Recorded data ▸
■ ■ ■ ■ ■

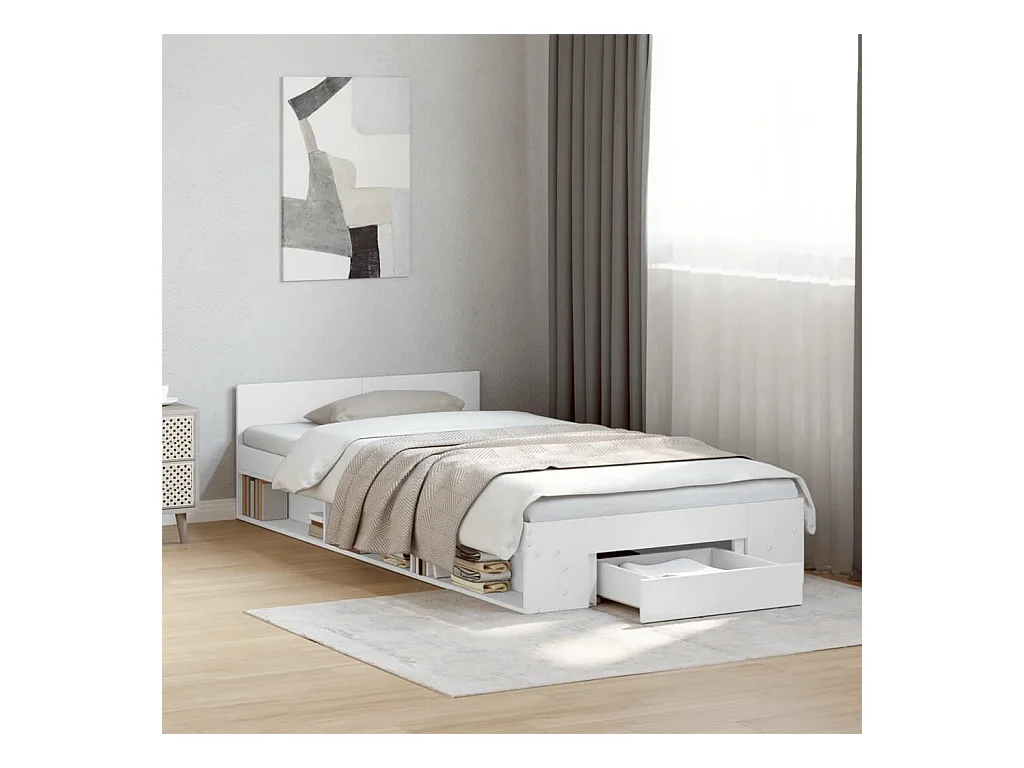 Cadre de lit avec tiroir sans matelas blanc 75x190 cm
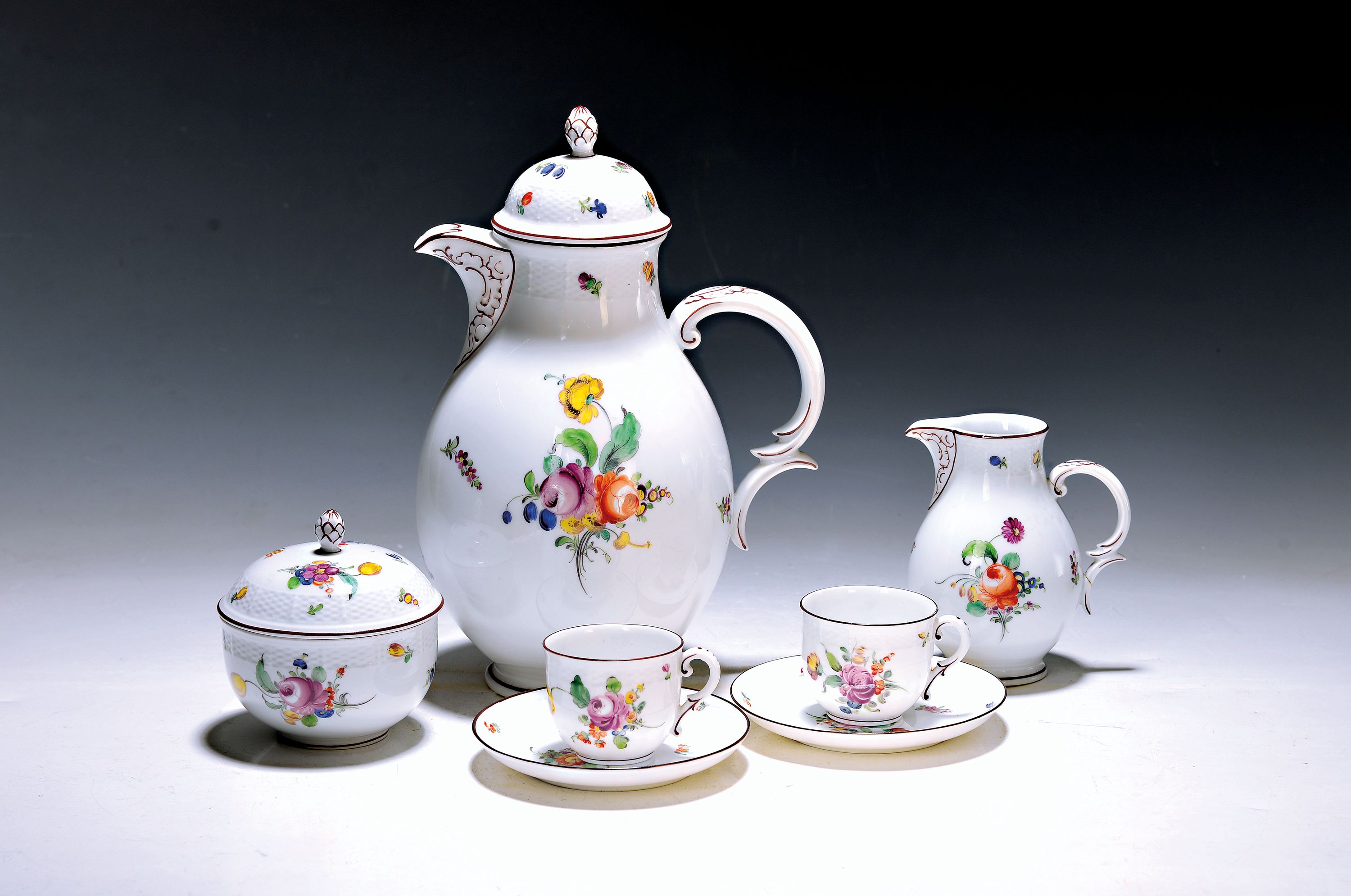 Mokka- bzw. Espressoservice, Nymphenburg, um 1920, Porzellan, mit bunter Malerei
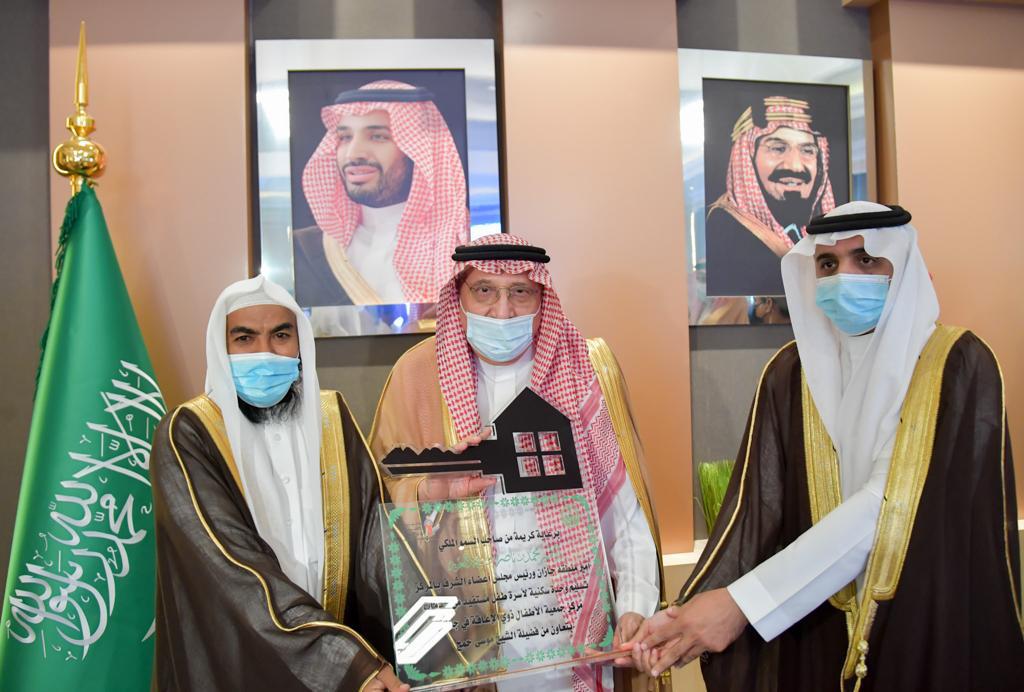 وفي ختام الاجتماع سلم سمو أمير منطقة جــازان ، وحدة سكنية لاسرة طفل مستفيد من خدمات مركز جمعية الاطفال ذوي الاعاقة بجـــازان بتعاون من عضو شرف المركز الشيخ موسى خمج.
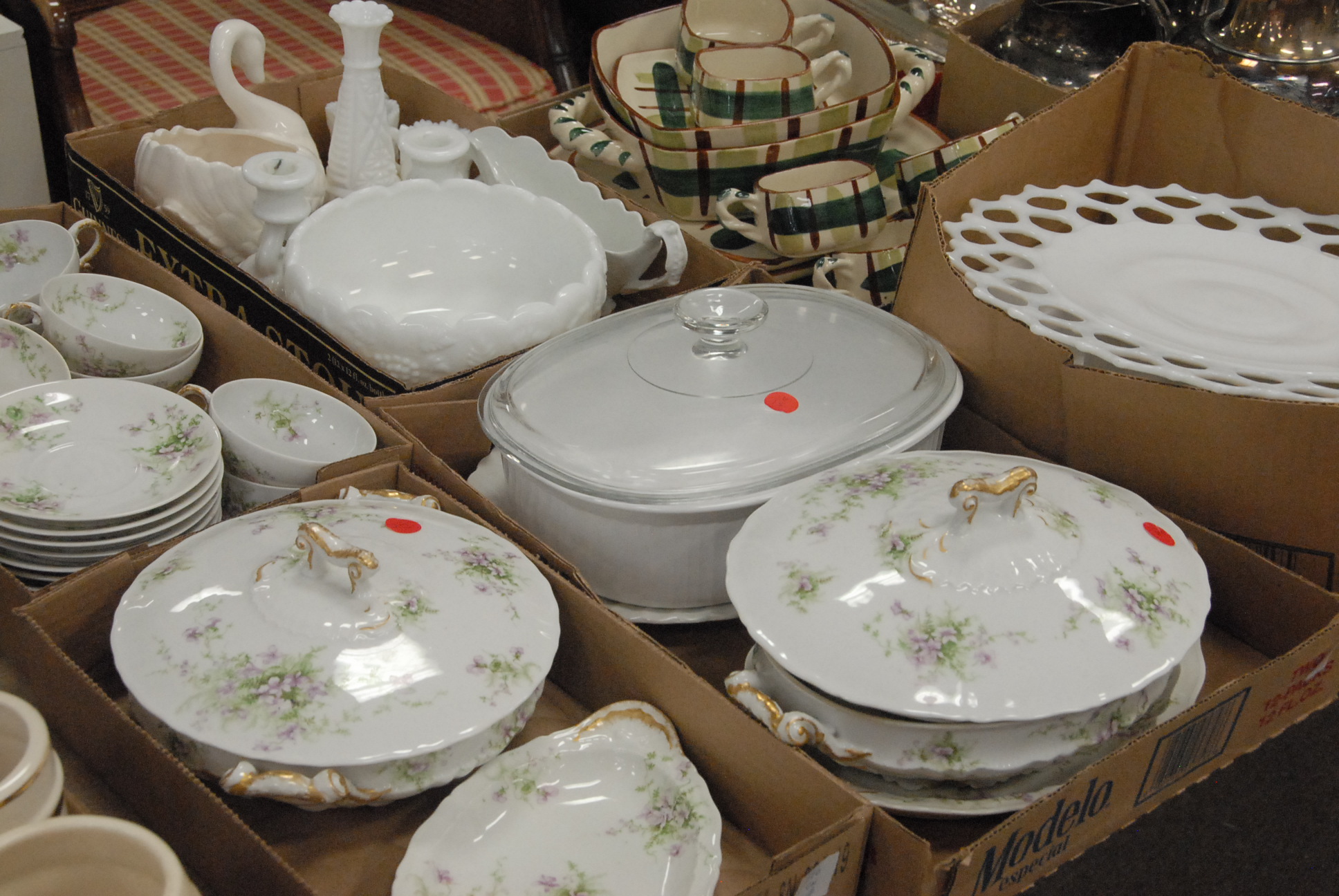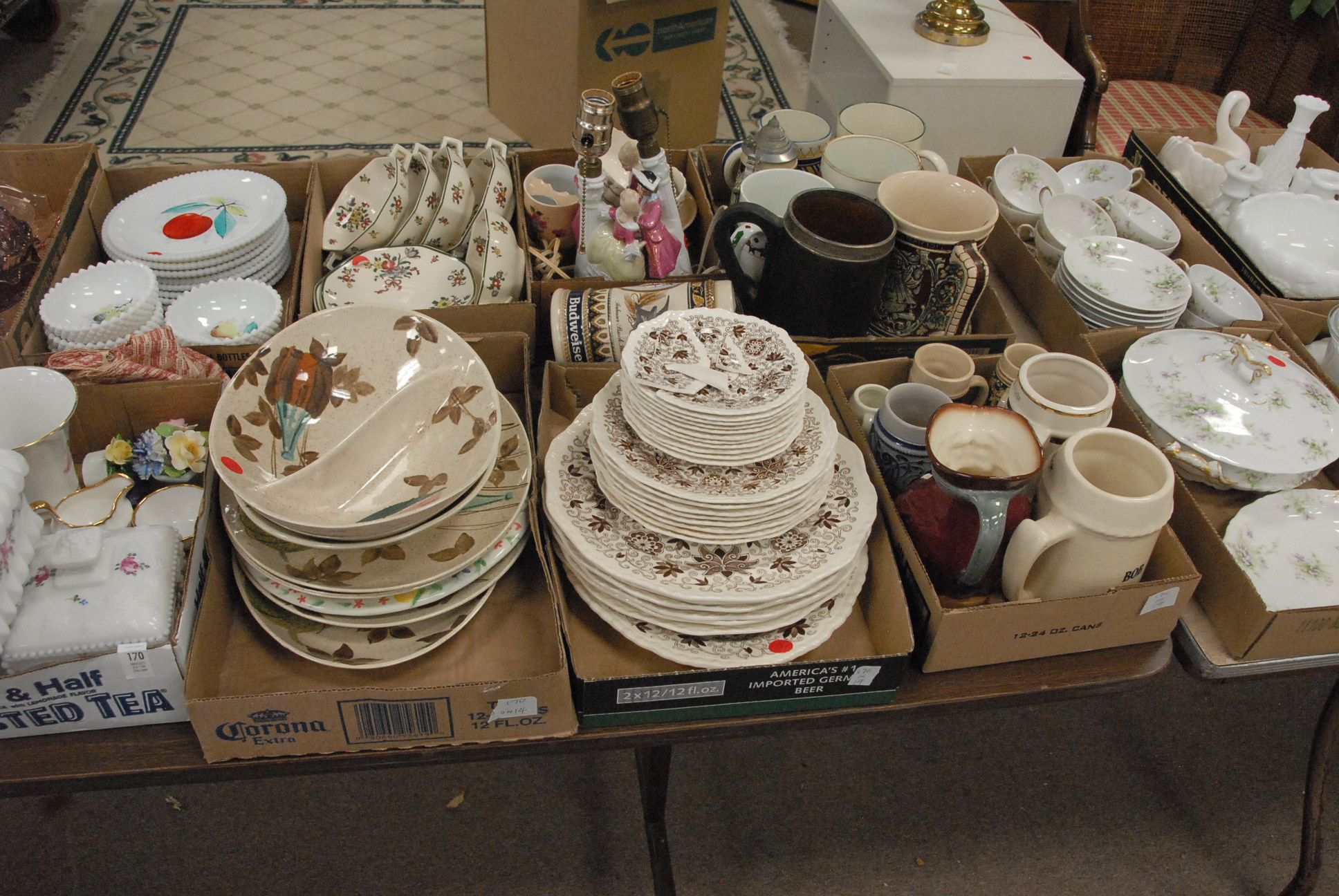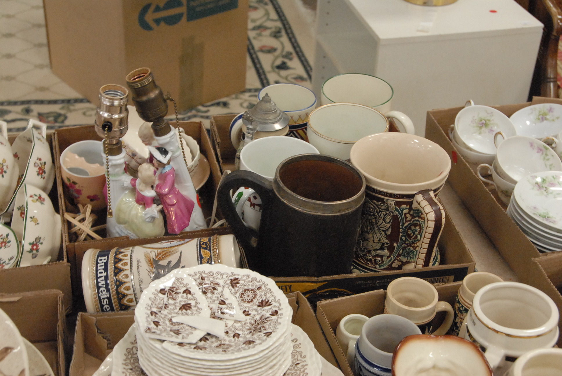 Fourteen box lots of china including mugs, one leather mug mounted with silver, milk glass, Limoges, Royal Dalton mug, candy dishes, plates, cups, saucers, lamps, etc.

■ ■ ■ ■ ■

What is needed is an exact copy of the lines from the line with "Mokka- bzw. Espressoservice, Nymphenburg, um" to the end of the data above, both included, without any pictures.

 Mokka- bzw. Espressoservice, Nymphenburg, um 1920, Porzellan, mit bunter Malerei
 وفي ختام الاجتماع سلم سمو أمير منطقة جــازان ، وحدة سكنية لاسرة طفل مستفيد من خدمات مركز جمعية الاطفال ذوي الاعاقة بجـــازان بتعاون من عضو شرف المركز الشيخ موسى خمج.
 Fourteen box lots of china including mugs, one leather mug mounted with silver, milk glass, Limoges, Royal Dalton mug, candy dishes, plates, cups, saucers, lamps, etc.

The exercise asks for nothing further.